• [ABOUT THIS EXERCISE]:
Go through the material below, find each line with the word "Iffeldorf", and copy those lines.

• [DATA FOR THE TASK]:

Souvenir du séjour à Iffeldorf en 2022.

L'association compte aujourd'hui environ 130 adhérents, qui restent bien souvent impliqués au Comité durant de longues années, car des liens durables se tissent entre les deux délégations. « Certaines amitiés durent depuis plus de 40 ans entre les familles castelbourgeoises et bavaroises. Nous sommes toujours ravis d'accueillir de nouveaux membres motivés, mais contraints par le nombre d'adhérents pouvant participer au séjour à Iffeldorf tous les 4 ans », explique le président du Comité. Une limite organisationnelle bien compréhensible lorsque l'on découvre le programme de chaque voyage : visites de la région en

---

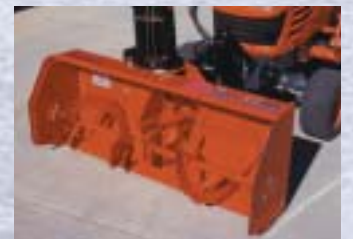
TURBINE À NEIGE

• [RESPONSE]:
Souvenir du séjour à Iffeldorf en 2022.
L'association compte aujourd'hui environ 130 adhérents, qui restent bien souvent impliqués au Comité durant de longues années, car des liens durables se tissent entre les deux délégations. « Certaines amitiés durent depuis plus de 40 ans entre les familles castelbourgeoises et bavaroises. Nous sommes toujours ravis d'accueillir de nouveaux membres motivés, mais contraints par le nombre d'adhérents pouvant participer au séjour à Iffeldorf tous les 4 ans », explique le président du Comité. Une limite organisationnelle bien compréhensible lorsque l'on découvre le programme de chaque voyage : visites de la région en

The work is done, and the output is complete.